After four years of working together, we originally quit our jobs to set up a company focused on tech debt. We didn’t manage to solve that problem, but we learned how important product analytics were in finding users, getting them to try it out, and in understanding which features we needed to focus on to impact users.
However, when we installed product analytics, it bothered us how we needed to send our users’ data to 3rd parties. Exporting data from these tools costs $manyK a month, and it felt wrong from a privacy perspective. We designed PostHog to solve these problems.
We made PostHog to automatically capture every front-end click, removing the need to add track(‘event’) - it has a toolbar to label important events after they’re captured. That means you’re spending less time fixing your tracking. You can also push events too.
You can have API/SQL access to the underlying data, and it has analytics - funnels and event trends with segmentation based on event properties (like UTM tags). That means we’ve got the best parts of the 3rd party analytics providers but are more privacy and developer friendly.

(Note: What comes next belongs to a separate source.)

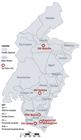 The Cameroon health structure divides the country into health provinces (e.g. South West Province) which are sub-divided into health districts (e.g. Kumba, Mamfe). Each health district has a district hospital. The province has a provincial hospital that is the referral hospital for district hospitals. In the South West Province, a second provincial hospital was created recently in Buea. The eye units in the provincial hospital Limbe, the Baptist Church Health Centre in Mutengene, the district hospital in Mamfe and the district hospital in Kumba (to start later in the year) provide secondary level eye care services. Tertiary eye services (retinal detachment surgery, diabetic retinopathy laser photocoagulation, paediatric surgery, etc) are not provided by any of the eye units in the South West Province. The eye unit in the provincial hospital Annex Buea (newly created) will also provide secondary level eye care, but not major ocular surgery (cataract, etc.) because it is staffed with an eye nurse only. All eye units are in existing health facilities providing general health care. Apart from the Mutengene Eye Unit, which is a Baptist Church institution, all other eye units are within government health facilities.

We’re thinking of adding features around paths/retention/pushing events to other tools (ie slack/your CRM). We’d love to hear your feature requests.
We are platform and language agnostic, with a very simple setup. If you want Python/Ruby/Node, we give you a library. For anything else, there’s an API. The repo has instructions for Heroku (1 click!), Docker or deploy from source.
We’ve launched this repo under MIT license so any developer can use the tool. The goal is to not charge individual developers. We make money by charging a license fee for things like multiple users, user permissions, integrations with other databases, providing a hosted version and support.
Give it a spin: https://github.com/posthog/posthog. Let us know what you think!
I am glad someone is tackling this problem.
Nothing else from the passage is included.